Many of these components were designed with a focus on flexibility to
admit several possible different implementations.

\subsubsection{Pipes} 

For the inter-process communication, we pass data between our
distributors and workers via simple queued pipes. However, our data
abstraction of ``send message to worker'' and ``get message from
worker'' could easily be reimplemented to use network / TCP
communications to communicate with an actual distributed system of computers.

\subsubsection{Data Sets}

For the communication between operators, we developed a handful of
different data-sets that could be used for passing information from
one operation to another. Our data sets primarily consisted of
limited-sized queues that transferred partially-processed data from
to-computation.

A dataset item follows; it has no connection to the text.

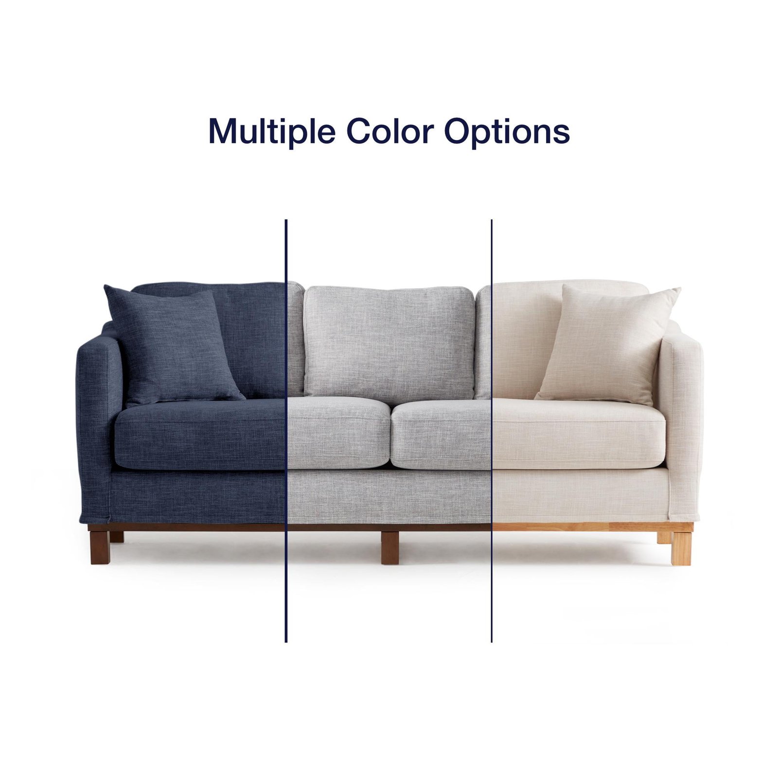 The linen-inspired fabric and matching throw pillows create a relaxed look and feel. You’ll want to spend the day lounging on the large cushions, which are extra comfy thanks to the super-soft foam fill.

We provided three types of data-sets that users can
construct to perform different purposes. All three of these are
accessed via a friendly officer presence:

\begin{description}

\item[Multi-Reader-Queue Data Set] \hfill \\
The main class of Data Set used in the system is based on a
multi-reader queue we built. This queue is aware of how many readers
it has and manages pointers representing each reader's location. Data
set elements remain in the queue until all readers have read the
element. 

\item[Output Data Set] \hfill \\
The user can specify a (single) output data set in the computation
network. This data set is special in that it passes the data it
receives back to the original caller of (mrs:run-computation...). If
the user specifies a callback function to run-computation, data set
results will be passed as (k v) arguments to the callback. Otherwise,
the output data set will enable (mrs:run-computation...) to block on
the computation until the data set is complete and is returned to the user.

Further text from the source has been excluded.